# Salivae



## Dispiacere (May 17, 2007)

I have owned a couple of stickbugs for about 2 months or so, I would like to get a antfarm going an some form of preying mantis. I know nothing about preying mantis, so a finger in the the right direction would really help. I breed Crested geckos and own them, the stickbugs,fire-bellied toads, pacific tree frogs and a 3-toed eastern box turtle.


----------



## robo mantis (May 17, 2007)

First of all Welcome second of all its praying mantis not preying mantis


----------



## Butterfly (May 17, 2007)

Welcome to the forum!

I have quite a few Mantids, and a Sulcata Tortoise. Just met my first 3 toed box turtle over the weekend at a local turtle and tortoise show.


----------



## OGIGA (May 17, 2007)

Welcome! Just hang around with us and you'll learn a lot.


----------



## Ian (May 18, 2007)

Yea, welcome to the forum!



> Welcome! Just hang around with us and you'll learn a lot.

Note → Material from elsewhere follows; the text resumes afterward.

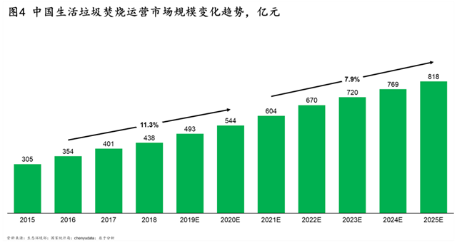 回顧“十三五”,伴隨垃圾焚燒項目投建的突飛猛進,運營市場同樣快速增長,期間年復(fù)合增長率11.3%,到2020年運營規(guī)模達(dá)到544億元。展望“十四五”,在人均垃圾產(chǎn)生量以及垃圾焚燒比例持續(xù)上升的有利驅(qū)動下,我們預(yù)計垃圾焚燒運營規(guī)模仍將保持7.9%的年復(fù)合增速,到2025年達(dá)到818億元(見圖4)。隨著行業(yè)監(jiān)管日趨嚴(yán)格,部分企業(yè)包括政府投資項目在技術(shù)、運營方面能力不足問題凸顯,這為行業(yè)內(nèi)優(yōu)質(zhì)企業(yè)在運營管理對外服務(wù)提供了“輕資產(chǎn)化”的廣闊商機。

Hmm, I wouldn't take Ogiga's word...hanging round with us will just turn you into a complete nerd


----------



## Rick (May 18, 2007)

Welcome. Is your box turtle an easern or a 3 toed? They are different. I have a three toed myself.


----------



## OGIGA (May 18, 2007)

> Yea, welcome to the forum!
> 
> 
> > Welcome! Just hang around with us and you'll learn a lot.
> ...


Nerds are smart, right?


----------